Technical approach: update the packaged scanner behavior used by build/Dockerfile.skill-scanner so the scanner API catches known skill loading exceptions around scan execution and returns an HTTP validation response. Prefer a fixed upstream cisco-ai-skill-scanner version when available; otherwise carry a minimal image-local patch with a focused regression test and remove it once the upstream package includes the fix.
Technical Context
Language/Version: Python 3.13 runtime in the scanner image; TypeScript client behavior only for verification if needed
Primary Dependencies: cisco-ai-skill-scanner, FastAPI scanner API, Docker/Helm scanner packaging, Next.js server-side scanner client
Storage: N/A - no persisted storage change
Testing: pytest for scanner behavior or patch tests; existing UI Jest tests for scanner client contract if client handling changes; Docker build sanity check for scanner image
Target Platform: Linux container running the standalone internal skill-scanner service
Project Type: Containerized internal web service dependency for the CAIPE UI
Performance Goals: Validation failures return immediately with no full analyzer execution; valid scan latency remains unchanged for equivalent inputs
Constraints: Scanner remains internal-only and unauthenticated inside the trusted network; user-facing validation responses must not expose stack traces, credentials, tokens, or unnecessary filesystem details
Scale/Scope: One scanner API failure mode for malformed skill submissions; no new endpoints, storage, UI flow, or scan policy behavior
Constitution Check
GATE: Must pass before Phase 0 research.

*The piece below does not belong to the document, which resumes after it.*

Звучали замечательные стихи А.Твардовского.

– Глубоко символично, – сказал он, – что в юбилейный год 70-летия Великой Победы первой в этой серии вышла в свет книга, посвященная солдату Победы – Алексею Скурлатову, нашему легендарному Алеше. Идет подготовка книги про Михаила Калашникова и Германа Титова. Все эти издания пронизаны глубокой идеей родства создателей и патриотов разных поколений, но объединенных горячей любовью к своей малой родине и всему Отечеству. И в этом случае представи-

Re-check after Phase 1 design.
- Worse is Better: PASS - fix is a targeted error classification change at the scanner boundary, not a broader scanner redesign.

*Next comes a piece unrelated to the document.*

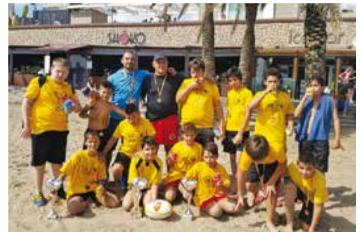
Els petits del club castellanca van debutar en Rugby-platja.

Per aquest motiu, el club castellanca, que entrena els dimarts i dijous a les pistes d'atletisme, ha decidit no cobrar quota mensual als menors que vulguin apropar-se a aquest esport durant aquesta nova temporada i ja ha obert el termini d'inscripció pel seu equip (per demanar informació els interessats ho poden fer a l'email infogossosrugby@gmail.com o per WhatsApp al numero de telèfon 640 203 713). +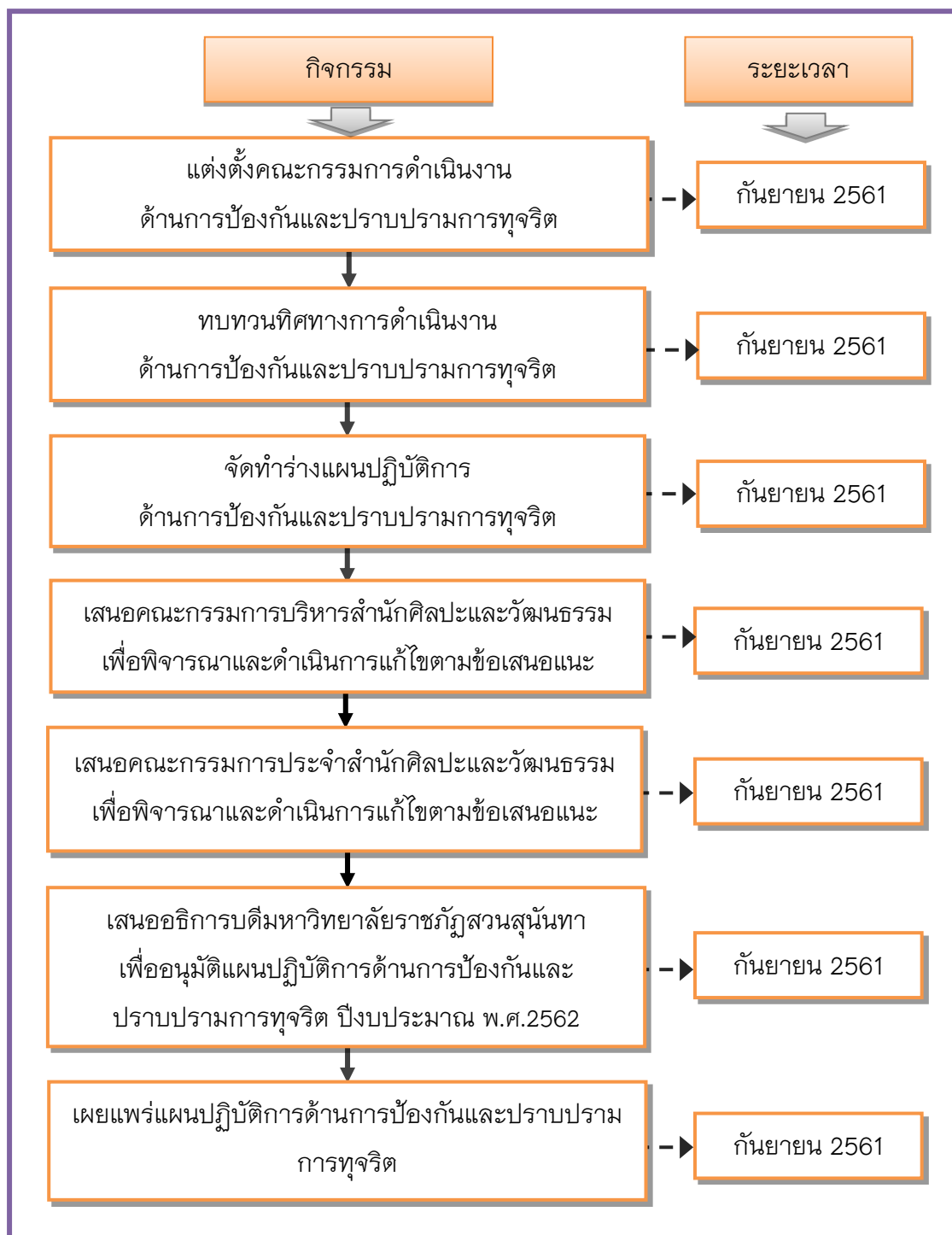
ภาพ : ขั้นตอนการจัดทำแผนปฏิบัติการด้านการป้องกันและปราบปรามการทุจริต

- YAGNI: PASS - no new validation framework, UI workflow, storage, or policy model is introduced.
- Rule of Three: PASS - no abstraction is required for a single known exception family.
- Composition over Inheritance: PASS - changes stay at API packaging/error handling boundaries and do not introduce class hierarchy changes.
- Specs as Source of Truth: PASS - this plan follows
spec.mdand generated artifacts in the feature spec directory. - CI Gates Are Non-Negotiable: PASS - plan includes targeted tests plus relevant existing scanner/UI checks.
- Security by Default: PASS - validation details are surfaced only after sanitization; scanner remains internal-only and no secrets are added.
Project Structure
Documentation (this feature)
specs/<YYYY-MM-DD-feature>/
|-- plan.md # This file (/speckit.plan command output)
|-- research.md # Phase 0 output (/speckit.plan command)
|-- data-model.md # Phase 1 output (/speckit.plan command)
|-- quickstart.md # Phase 1 output (/speckit.plan command)
|-- contracts/ # Phase 1 output (/speckit.plan command)
`-- tasks.md # Phase 2 output (/speckit.tasks command - NOT created by /speckit.plan)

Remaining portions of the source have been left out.